Cloud-native applications are deployed using Kubernetes which is an open source platform designed for automating deployment, scaling, and management of containerised applications. Originally developed at Google, Kubernetes has become the operating system for deploying cloud-native applications. It is also one of the first few projects to get graduated at CNCF.

Agile DevOps & Automation Using CI/CD

DevOps, the amalgamation of “development” and “operations describes the organisational structure, practices, and culture needed to enable rapid agile development and scalable, reliable operations. DevOps is about the culture, collaborative practices, and automation that aligns development and operations teams so they have a single mindset on improving customer experiences, responding faster to business needs, and ensuring that innovation is balanced with security and operational needs. Modern organisations believe in merging of development and operational people and responsibilities so that one DevOps team carries both responsibilities. In that way you just have one team who takes the responsibility of development, deployment and running the software in production.

Continuous Integration & Continuous Delivery

Continuous integration (CI) and continuous delivery (CD) is a set of operating principles that enable application development teams to deliver code changes more frequently and reliably. The technical goal of CI is to establish a consistent and automated way to build, package, and test applications.
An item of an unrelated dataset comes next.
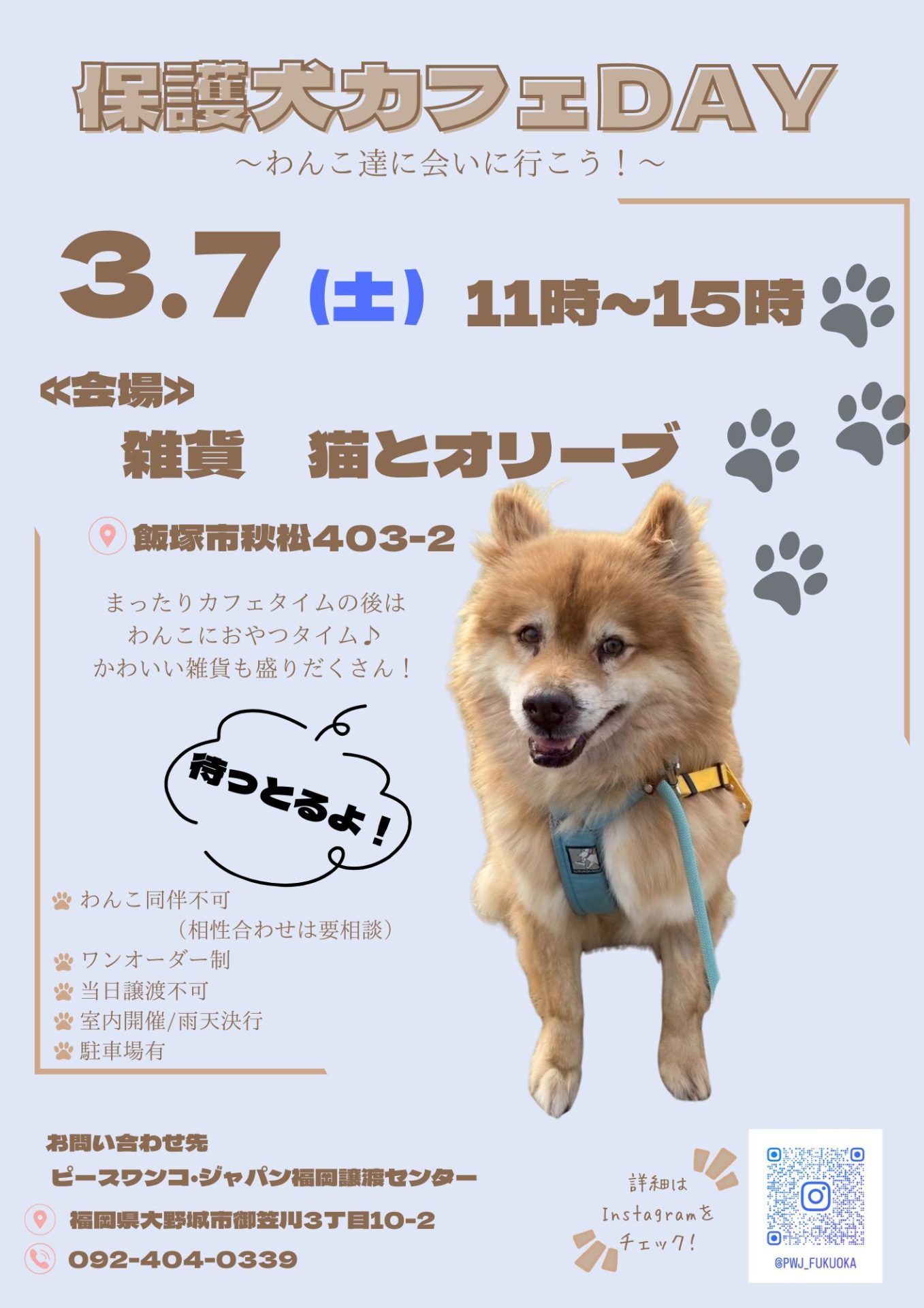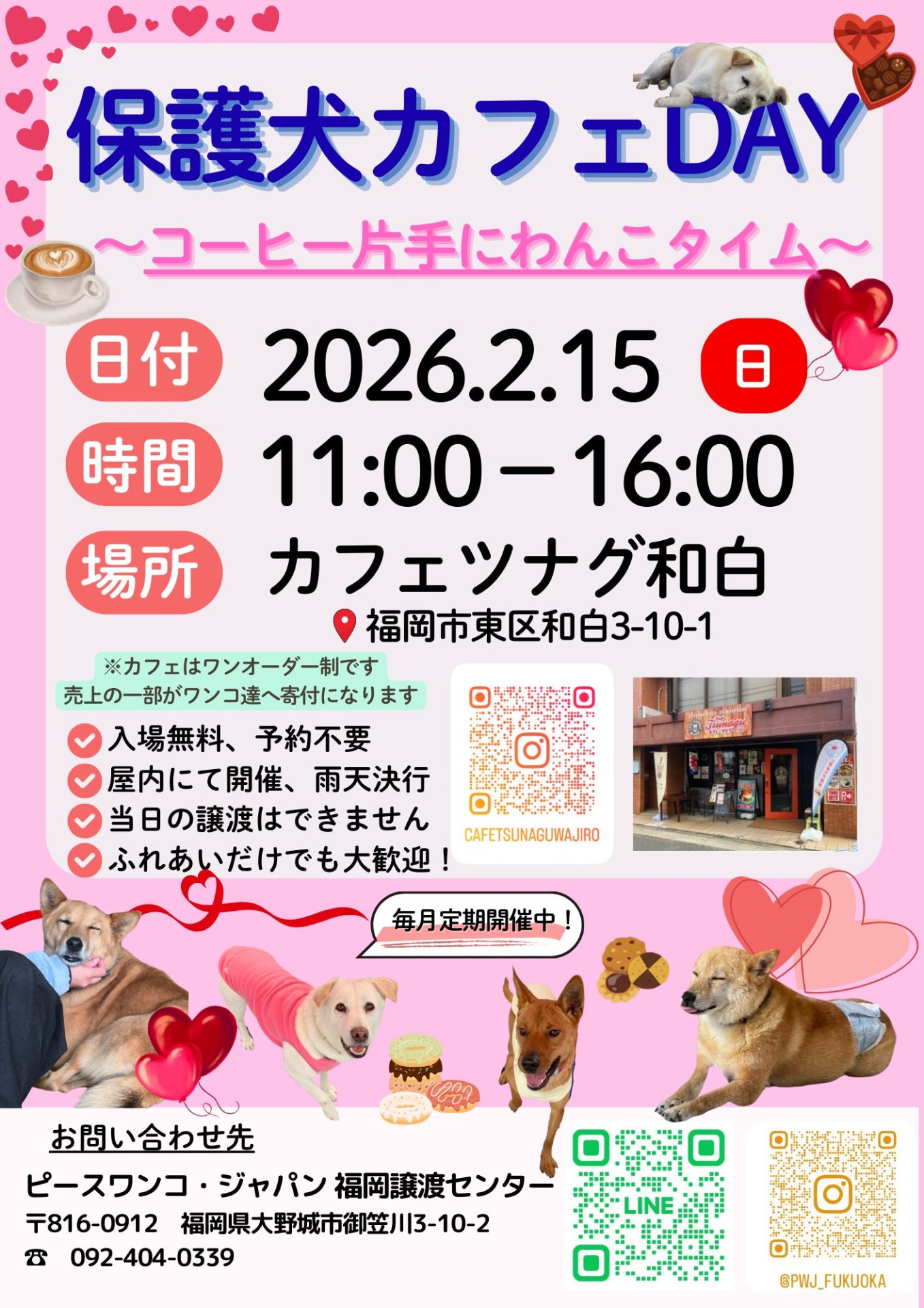 - 決まり次第、福岡譲渡センターのInstagramにてお知らせいたします!

With consistency in the integration process in place, teams are more likely to commit code changes more frequently, which leads to better collaboration and software quality.
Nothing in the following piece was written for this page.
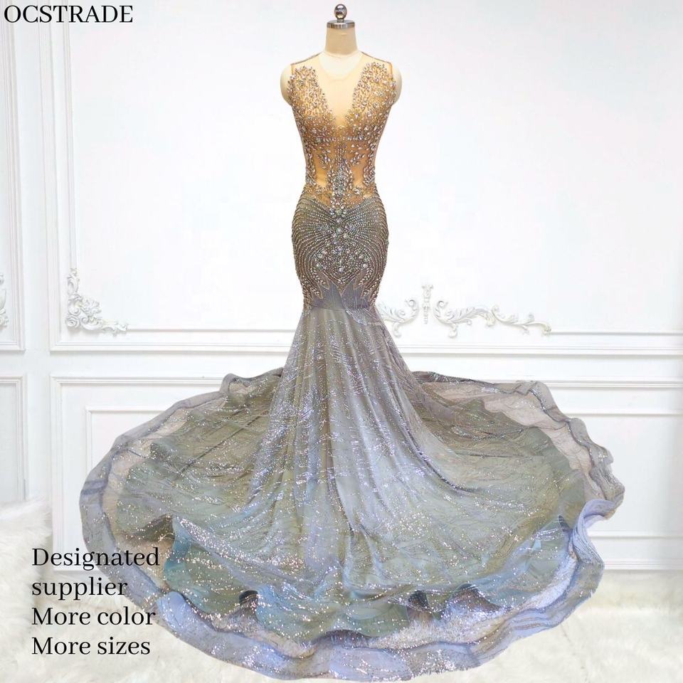 Ocstrade Women'S Clothing 2024 Country Wedding Women Long Prom Dresses Shiny Silver Rhinestone Evening Dresses Sweep Train

Continuous delivery picks up where continuous integration ends. CD automates the delivery of applications to selected infrastructure environments. It picks up the package built by CI, deploys into multiple environments like Dev, QA, Performance, Staging runs various tests like integration tests, performance tests etc and finally deploys into production. Continuous delivery normally has few manual steps in the pipeline whereas continuous deployment is a fully automated pipeline which automates the complete process from code checkin to production deployment.

Elastic — Dynamic scale-up/down

Cloud-native apps take advantage of the elasticity of the cloud by using increased resources during a use spike. If your cloud-based e-commerce app experiences a spike in use, you can have it set to use extra compute resources until the spike subsides and then turn off those resources. A cloud-native app can adjust to the increased resources and scale as needed.